There is a control sequence, which I had forgotten. This question reminded me. In XTerm Control Sequences, it is noted "print all pages":

CSI ? Pm i
      Media Copy (MC, DEC-specific).
        Ps = 1  -> Print line containing cursor.
        Ps = 4  -> Turn off autoprint mode.
        Ps = 5  -> Turn on autoprint mode.
        Ps = 1  0  -> Print composed display, ignores DECPEX.
        Ps = 1  1  -> Print all pages.

That dates from 1999 (patch #119), so you likely have it in your xterm. You could do this in a shell command like this:

printf '\033[?11i'

A comment mentions the page Hidden gems of xterm, which uses the corresponding action print-everything (something that can be executed via the translations resource). It is in the manual page, of course. The same comment points to Extra characters in XTerm printerCommand output, which mentions the resource printAttributes. By default, the control sequences for the printer tell xterm to send extra control characters (to reconstruct video attributes). The resource can be modified (set to 0) to suppress that. That is even older (patch #74).

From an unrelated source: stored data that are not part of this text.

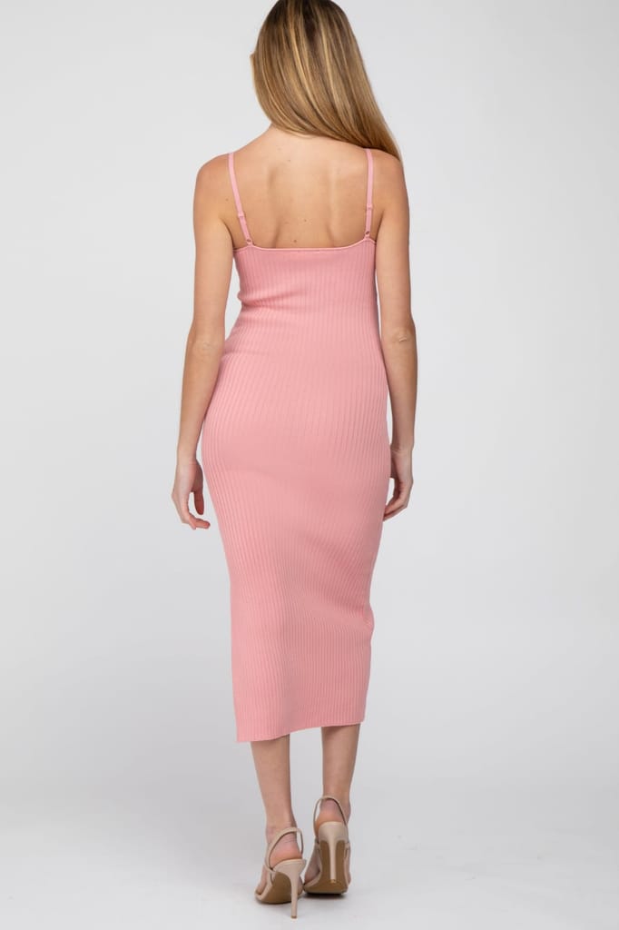 - A ribbed knit maternity midi dress featuring a square neckline, adjustable cami straps and a side slit.
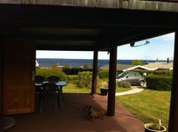 Im hinteren Teil des Hauses liegt ein Wirtschaftsraum mit Waschmaschiene, Trockner und einem zweitem Kühlschrank. Der große Garten ist komplett eingezäunt, so das auch unsere vierbeinigen Gäste sich frei bewegen können. Die Terasse ist zur Hälfte überdacht und man kann den schönen Meerblick genießen.
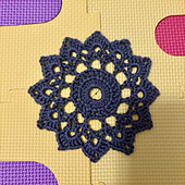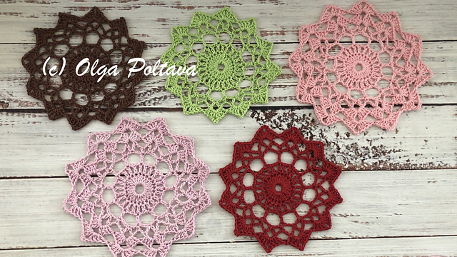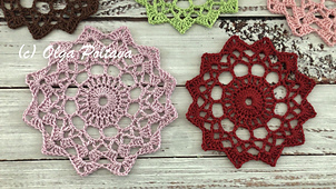 This is a small beginner-friendly doily made with a lightweight 100% mercerized cotton yarn, category 2 (such as YarnArt Begonia yarn) and a 3.5 mm hook.
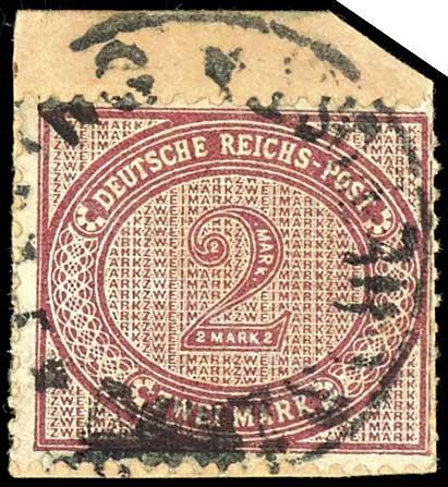 | Zusatzinformationen und Suchstichworte: | Dr. Reinhard Fischer 193. Auktion 21. - 22. Juli 2023 Los 2395 Deutsche Auslandspost China, Vorläufer 2 Mark dunkelrotkarmin, Plattenfehler V "große Unterbrechung in der Guilloche unten links", entwertet mit seltenem sog. Weichholzstempel "PEKING DEUTSCHE POST" ohne Datum auf Briefstück, rechts etwas mangelhafte Zähnung sonst tadellos, Fotoattest Ronald F. Steuer BPP (2023) Ausruf 200,00 EUR |
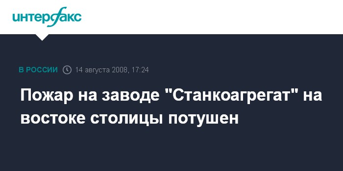 Москва. 14 августа. INTERFAX.RU - Сильный пожар, который возник в четверг днем на территории завода "Станкоагрегат" в Восточном административном округе столицы, потушен, сообщил "Интерфаксу" источник в правоохранительных органах. "После 19 сбросов воды с вертолетов пожар в 17:15 ликвидирован", - сказал собеседник агентства. По его данным, площадь пожара составила 1200 кв. метров, пострадавших нет.

Without that — Conceivably one could construct an application which used the X SendEvent protocol to construct a series of events which would be interpreted as xterm actions to scroll back, select text and copy it chunk-by-chunk via the clipboard. You could even write it in Perl (there is a module for X protocol). But seriously, no.

If you want to capture text which was written to xterm, you can do this by preparing before the text is needed by different methods (see manual):

  • turn on the xterm logging feature (not that user-friendly because it generates the filename). This can be enabled using the "Log to File (logging)" menu entry.
  • use the printer control sequences to write lines as they are written (again, not that friendly, though there is a menu entry to turn it on and off, "Redirect to Printer (print-redir)")
  • use script to capture all output to the terminal. I use this, because it works with any terminal on any POSIX-like system (even Cygwin).

Each of these methods produces a file containing escape/control sequences, which requires filtering out. The hypothetical program using SendEvent could in principle eliminate that.